- Dataset excerpts:

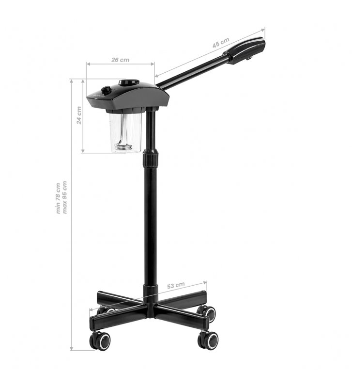 Wapozon wykonano z tworzywa sztucznego w odcieniach czerni, co sprawia, że urządzenie łatwo utrzymać w czystości. Statyw wyposażony jest w prostą regulację wysokości w zakresie 78-95 cm, co pozwala na ustawienie sprzętu na odpowiednim poziomie, by zapewnić komfort pracy osobie wykonującej zabieg. Dyszę wapozonu można obracać, co zwiększa zakres możliwego ustawienia. Czteroramienna podstawa o gumowanych kółkach poprawia mobilność, ułatwiając swobodne przestawianie urządzenia.
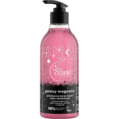 Galaktyczny żel do mycia ciała z drobinkami. Zmysłowy, pięknie pachnący, rozświetlający – produkt z kosmosu. Galaxy magnolia to żel stworzony z wyjątkowych składników: kamienia księżycowego, mangolii oraz olejku arganowego. Taki skład przeniesie Cię do nowego wymiaru. Naturalna formuła myjąca nie podrażnia skóry, magnolia dba o jej nawilżenie, natomiast olejek arganowy dodatkowo regeneruje. Opakowanie 400 ml… Czytaj dalej Stars from the Stars Galaxy magnolia
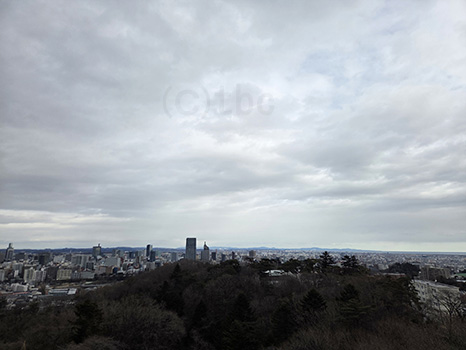 所々で雪や雨が降っているものとみられるが、北の山の稜線ははっきり見えている。
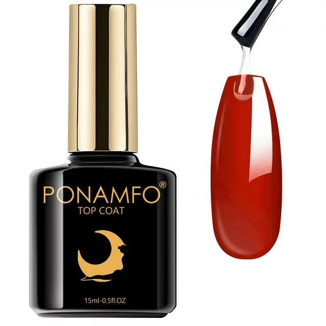 Ponamfo Gel Nail Polish Top Coat- 15ml No Wipe Top Coat, High Gloss Shiny Long Lasting Top Gel for Clear Nail Gel and Acrylic Nails, for Home DIY and Nail Salon
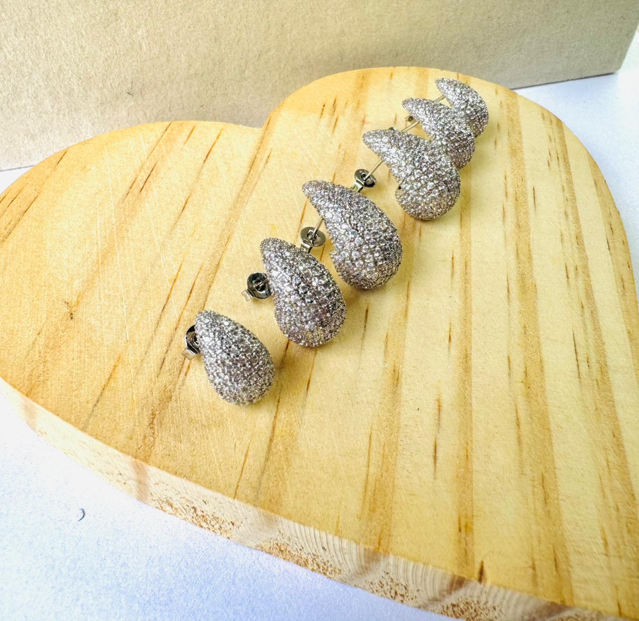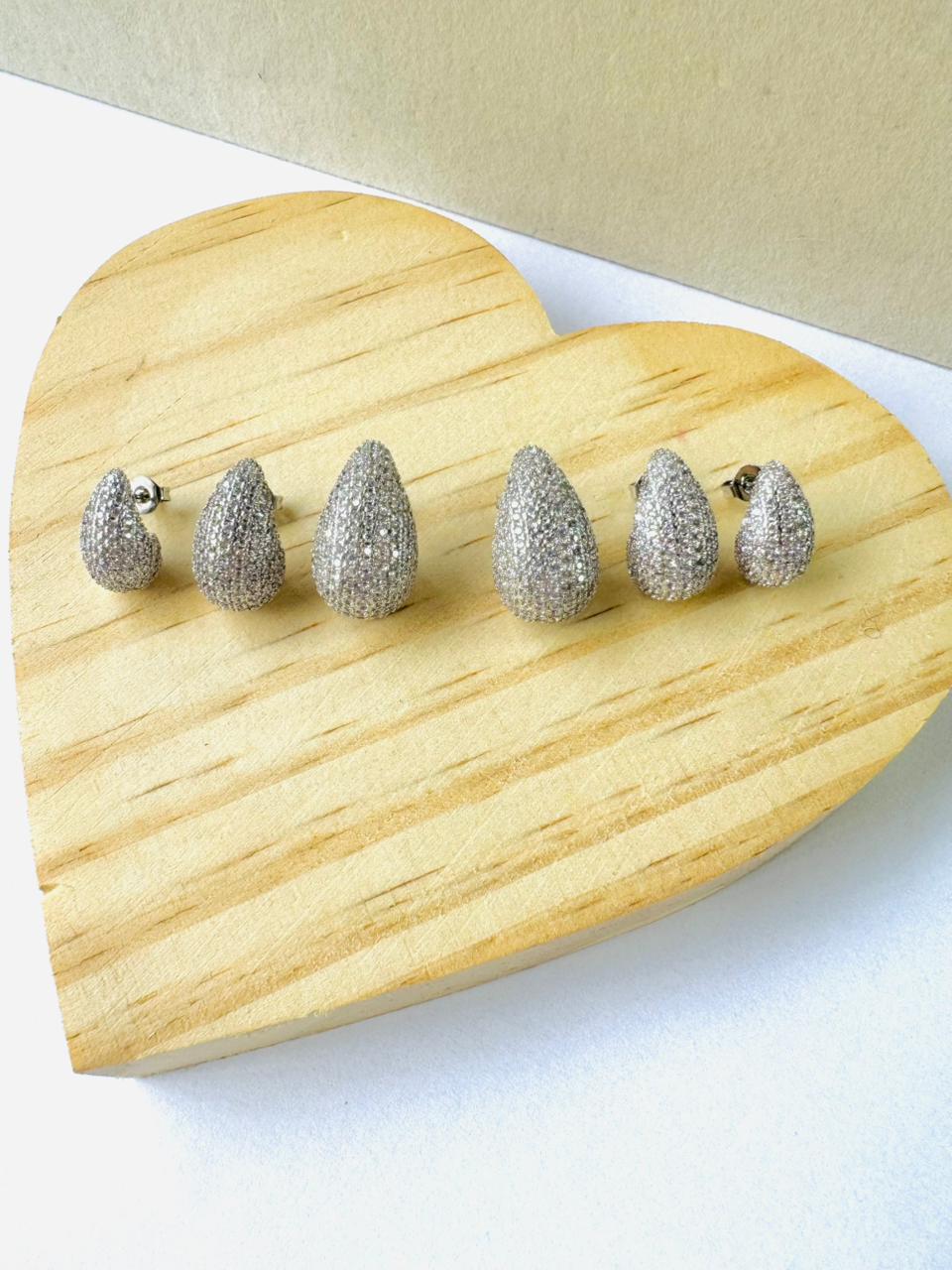 Composto por três tamanhos — pequeno, médio e grande — o trio apresenta design em formato de gota, totalmente cravejado com zircônias, garantindo brilho intenso e acabamento refinado. O banho em ródio realça ainda mais a luminosidade das pedras, proporcionando um visual elegante e contemporâneo.

- Task to complete: Above are the records; return the lines in them from the one with "Galaktyczny żel do" to the one with "所々で雪や雨が降っているものとみられるが、北の山の稜線ははっきり見えている。", inclusive, exactly and without images.

- Result for this exercise:
 Galaktyczny żel do mycia ciała z drobinkami. Zmysłowy, pięknie pachnący, rozświetlający – produkt z kosmosu. Galaxy magnolia to żel stworzony z wyjątkowych składników: kamienia księżycowego, mangolii oraz olejku arganowego. Taki skład przeniesie Cię do nowego wymiaru. Naturalna formuła myjąca nie podrażnia skóry, magnolia dba o jej nawilżenie, natomiast olejek arganowy dodatkowo regeneruje. Opakowanie 400 ml… Czytaj dalej Stars from the Stars Galaxy magnolia
 所々で雪や雨が降っているものとみられるが、北の山の稜線ははっきり見えている。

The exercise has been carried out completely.